On another “Mass Class Wednesday,” a radio listener calls in to ask Father Dave about the phrase “May the Lord accept the sacrifice at your hands for the praise and glory of His name, for our good and the good of all His holy Church.” She has always wondered what exactly is happening when that phrase is uttered by the congregation during Mass. “Is that us, as a community giving permission or blessing the priest to go forward with … transubstantiation?”

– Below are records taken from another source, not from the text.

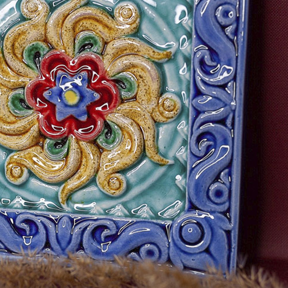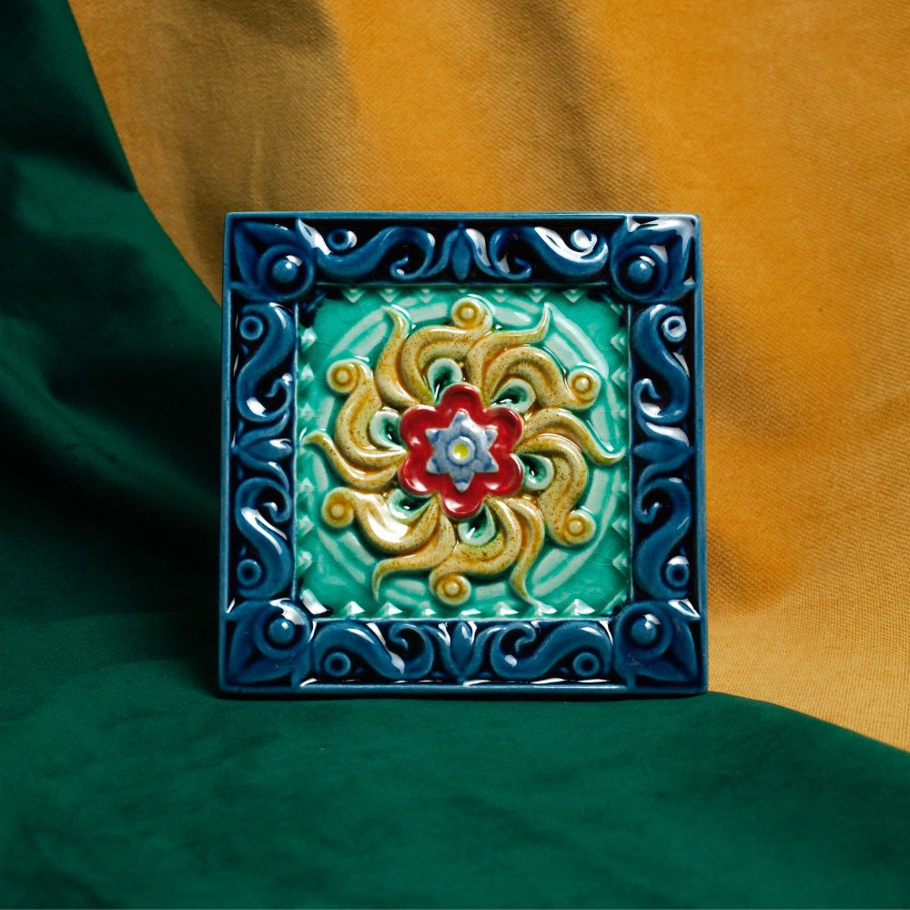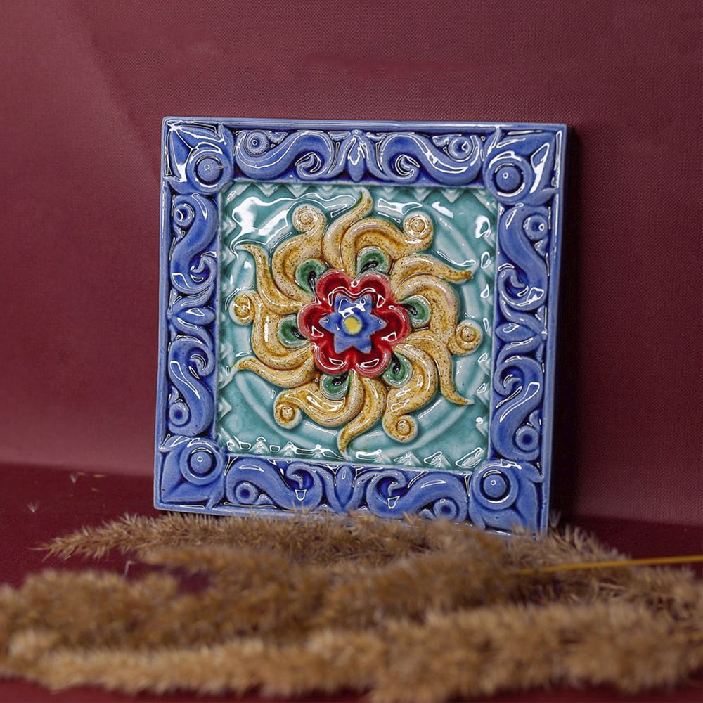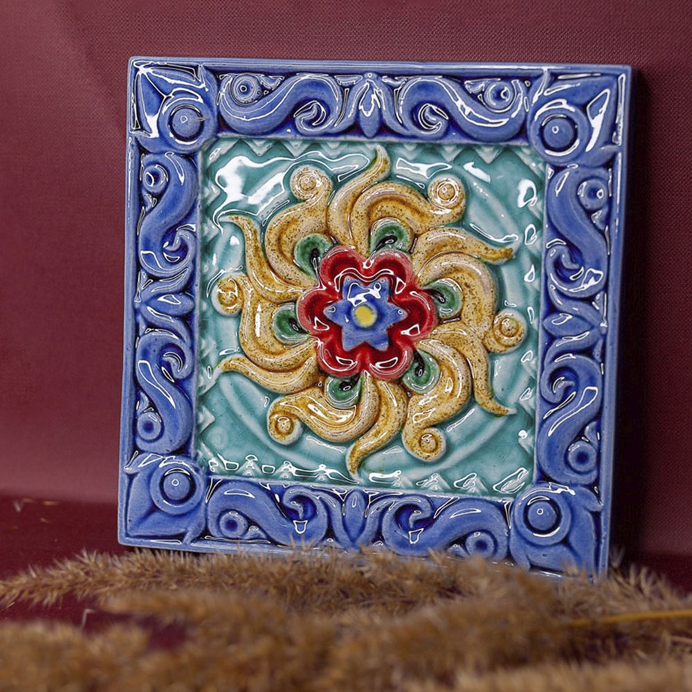 Изделие представляет керамический рельефный элемент квадратной формы, покрытый глазурь. На синем фоне яркими цветными красками нанесено стилизованное изображение цветка лотоса. Лотос — это символ жизни и счастья. Поскольку он поднимается из грязи, сумев не испачкаться, то почти повсеместно является символом чистоты, совершенства и красоты. Лотос – знак женского начала, символ процветания, долголетия, здоровья, жизненной полноты и славы. Данное изделие может быть использовано как изразец, и как самостоятельный настенный декор. При этом смотрится ярко и эффектно, может использоваться в местах, где фантазия архитектора или дизайнера по интерьеру не ограничивается типовым решением, он позволяет сделать акцент, привлекающий взгляд, внести завораживающую изюминку в интерьер. Изразец также будет прекрасным подарком родным, близким, коллегам по работе.
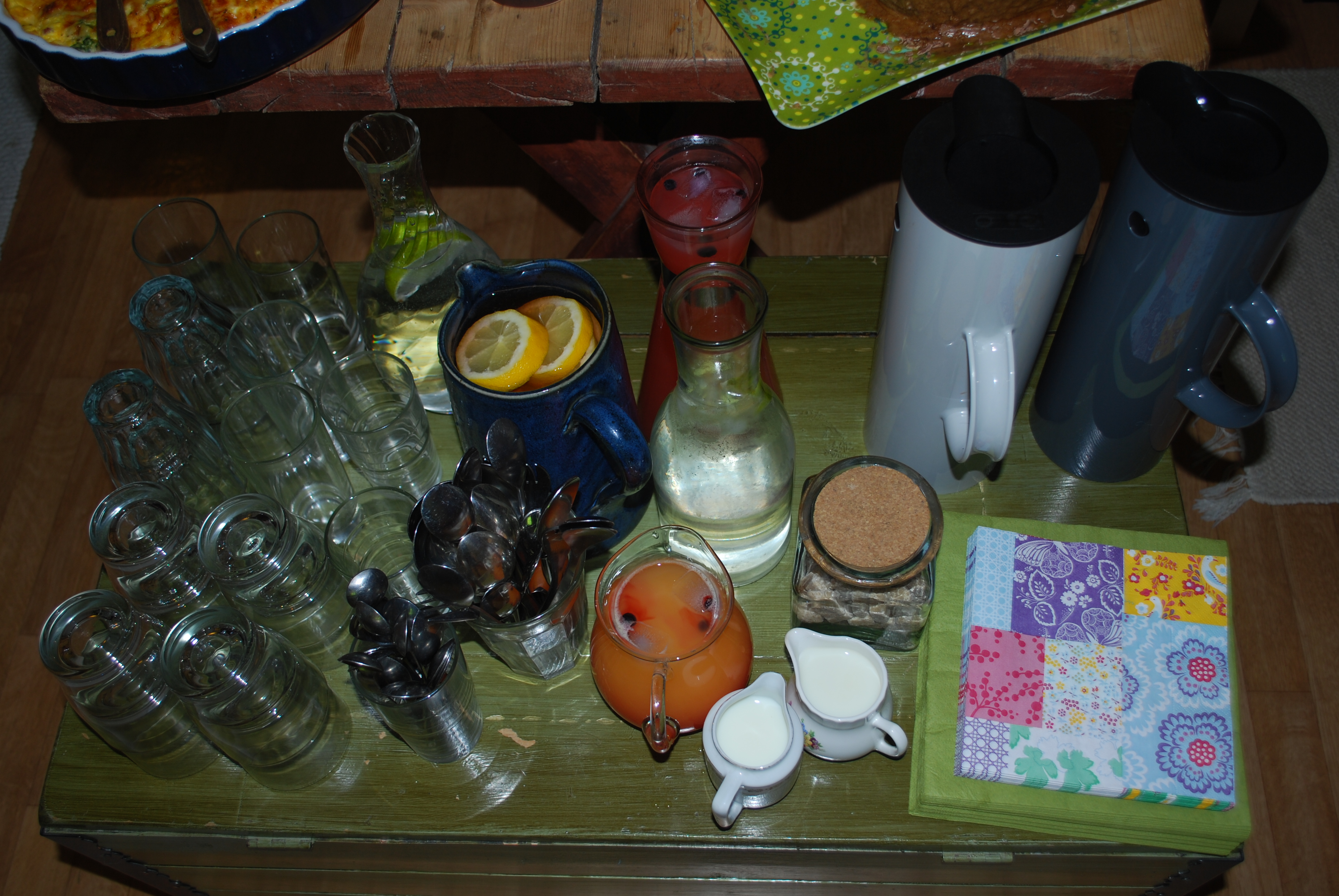 Hva gjør man når man får en ny god nabo som heter Mari, når begge naboene har bursdag i løpet av et par uker, når det snart er midtsommer, når det endelig har «landa» med jobb, når sola skinner og det snart er ferie..? Jo, da åpner man kafè! Med deilige kaker, valgfri kaffe, to grønne hager, med gode venner og naboer som kafègjester. Det var koselig det!
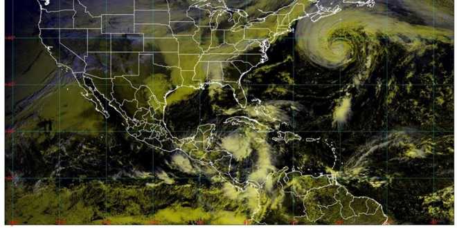 En contraste, se pronostican temperaturas máximas de 35 a 40 grados Celsius en Michoacán, Nayarit, Sinaloa y Sonora. A las 07:00 horas, tiempo del centro de México, la zona de baja presión en el Mar Caribe incrementó a 90 por ciento la probabilidad de desarrollo ciclónico. Su centro se localizó aproximadamente a 530 kilómetros (km) al este-sureste de las costas de Cancún, Quintana Roo, y se desplaza hacia el noroeste. Pronóstico por regiones Para el Valle de México se prevé cielo mayormente despejado y viento de componente norte de 10 a 20 km/h, con rachas de 35 km/h.
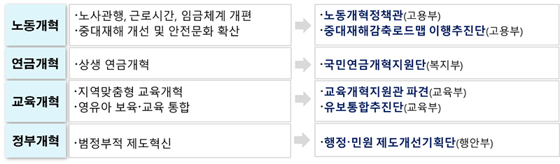먼저 ‘3+1 개혁’은 시대적 요구 및 급변하는 경제상황에 맞게 노동·연금·교육 및 정부개혁을 적극 추진할 수 있도록 조직 기반을 마련한다.

Father Dave says he’s never really thought of it that way — whether or not that phrase is sort of like a “green light” for the priest to go forward with the Eucharist. To delve into what this part of the Mass is all about, Father Dave first reminds us of what the priest says just before the congregation utters this phrase: “Pray, my sisters and brothers, that your sacrifice and mine may be acceptable to God the Almighty Father.”

When we take the congregation’s response in the context of the priest’s line, Father Dave explains, it becomes clear that the priest is not requesting consent from the community: “It doesn’t sound like the priest is saying, ‘Now I await your permission to proceed.’ It’s he and the congregation asking God. So … it’s not about the priest, it’s not about the congregation, it’s about God.”

But to answer the caller’s question about what it’s all about, Father Dave says you have to look at the word sacrifice. He explains that in biblical times, there would often be animal sacrifices and other kinds of sacrifices made to God by the Hebrew people, but Christians understand that Christ’s death on the cross was the “ultimate and final sacrifice,” and no longer sacrifice other things “trying to appease God in the same way that people were in the Old Testament.” What we are doing as a church community in that moment of the Mass is reliving the sacrifice Christ made for us on the cross, not asking God to bless some new sacrifice. (Original Air 02-08-17)

Photo credit: People pray during a Mass at St. Patrick’s Cathedral in New York City. (CNS photo/Gregory A. Shemitz)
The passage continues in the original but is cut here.